====== DATA EXTRACT ======

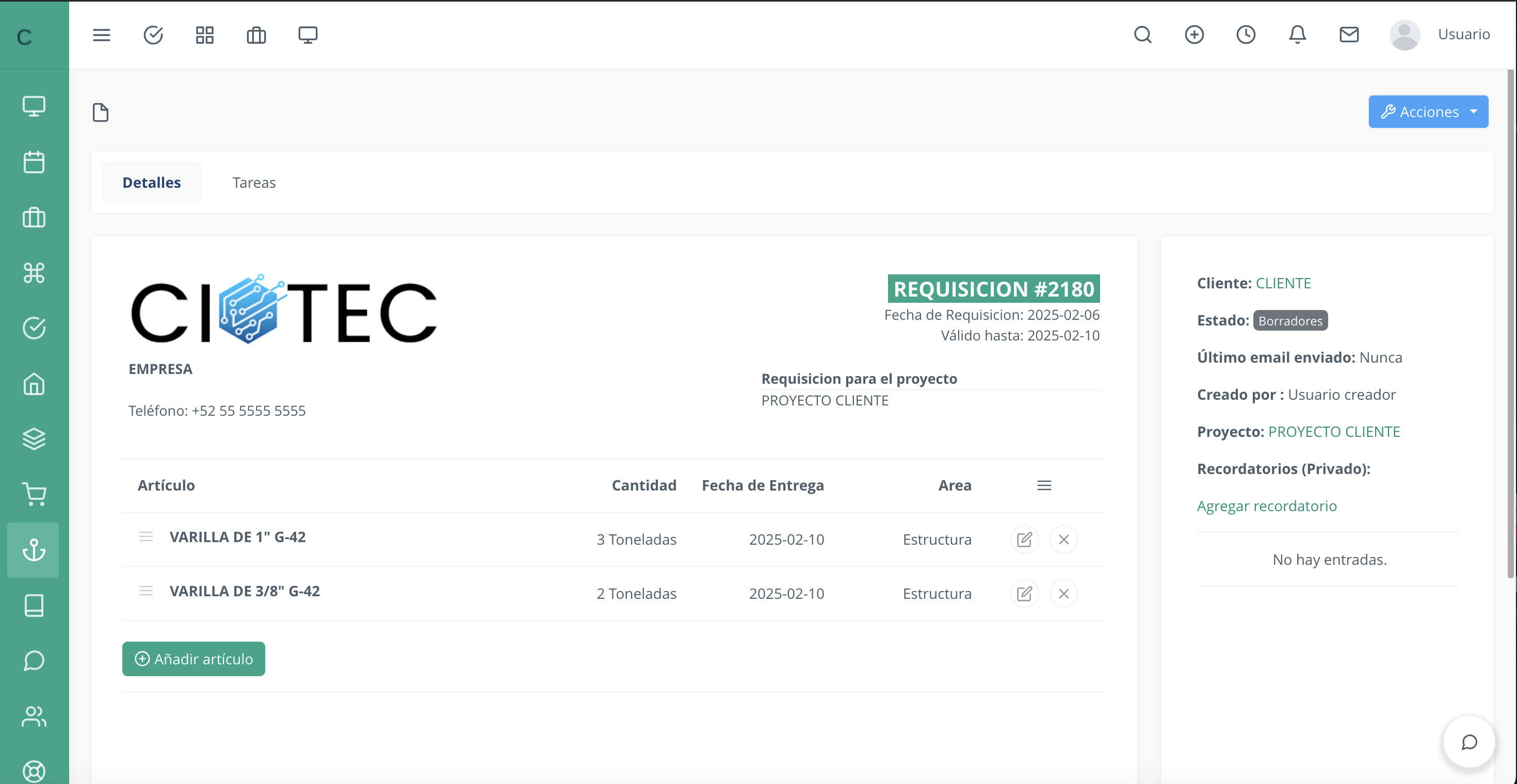 2. *Gestión de inventarios y materiales*: Un ERP puede ayudar a gestionar los inventarios de materiales y equipos, asegurando que los materiales necesarios estén disponibles en el momento adecuado.
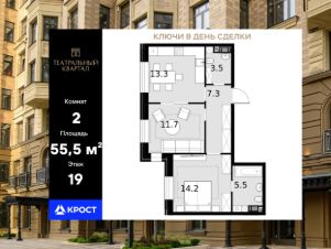 Площадь квартиры составляет 55,50 кв.м и находится на 19-ом этаже 19-этажного здания. Концепция комплекса вдохновлена театральной тематикой, предлагая сочетание неоклассической архитектуры с оригинальной отделкой холлов, изысканными фасадами и созданием культурно-просветительского пространства.
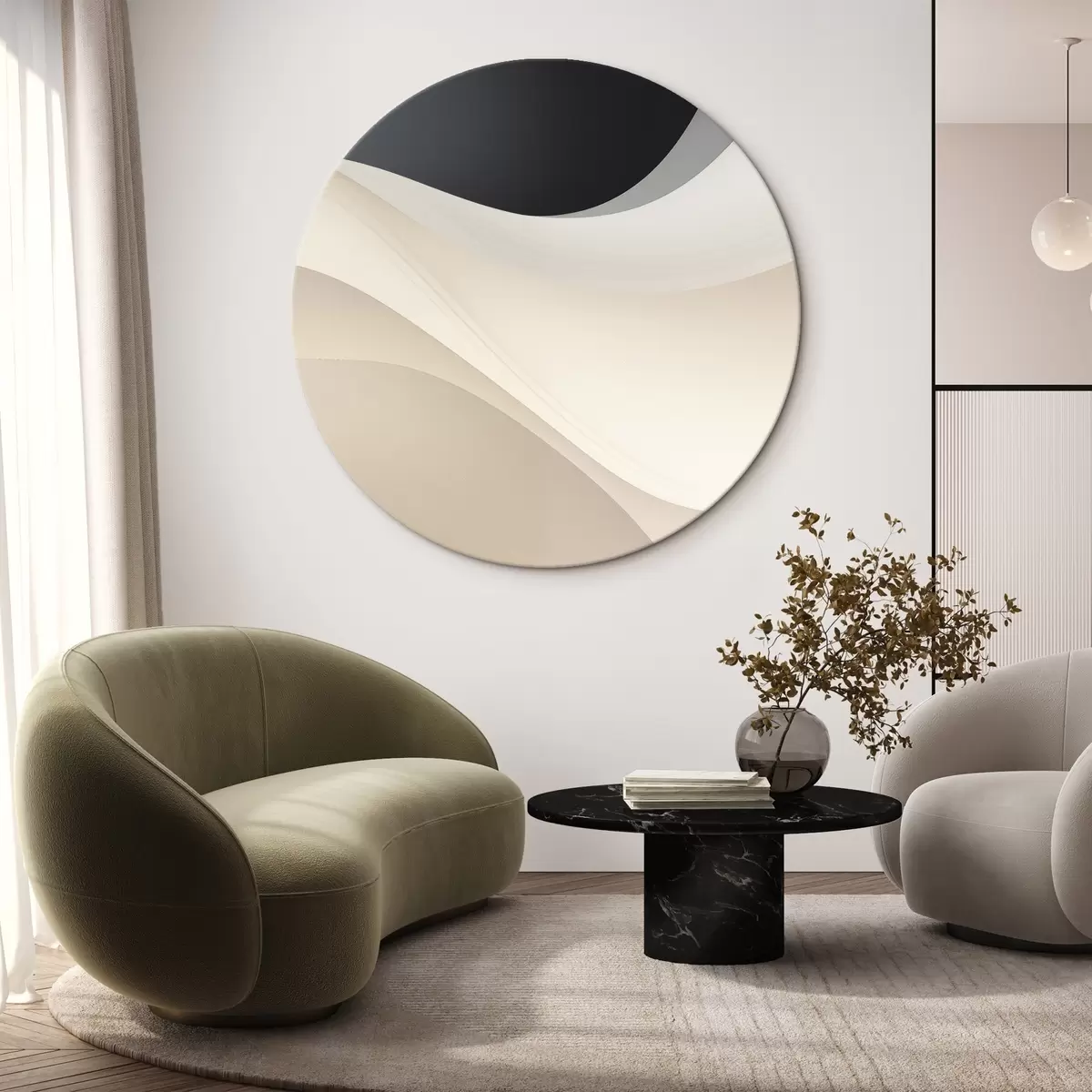 Okrągłe obrazy Warstwowe, płynne krzywizny w kolorze czarnym, kremowym i szarym r46492

======

ACTIVITY
Reproduce the lines above exactly, please, but not the pictures in them.

EXERCISE RESULT
 2. *Gestión de inventarios y materiales*: Un ERP puede ayudar a gestionar los inventarios de materiales y equipos, asegurando que los materiales necesarios estén disponibles en el momento adecuado.
 Площадь квартиры составляет 55,50 кв.м и находится на 19-ом этаже 19-этажного здания. Концепция комплекса вдохновлена театральной тематикой, предлагая сочетание неоклассической архитектуры с оригинальной отделкой холлов, изысканными фасадами и созданием культурно-просветительского пространства.
 Okrągłe obrazy Warstwowe, płynne krzywizny w kolorze czarnym, kremowym i szarym r46492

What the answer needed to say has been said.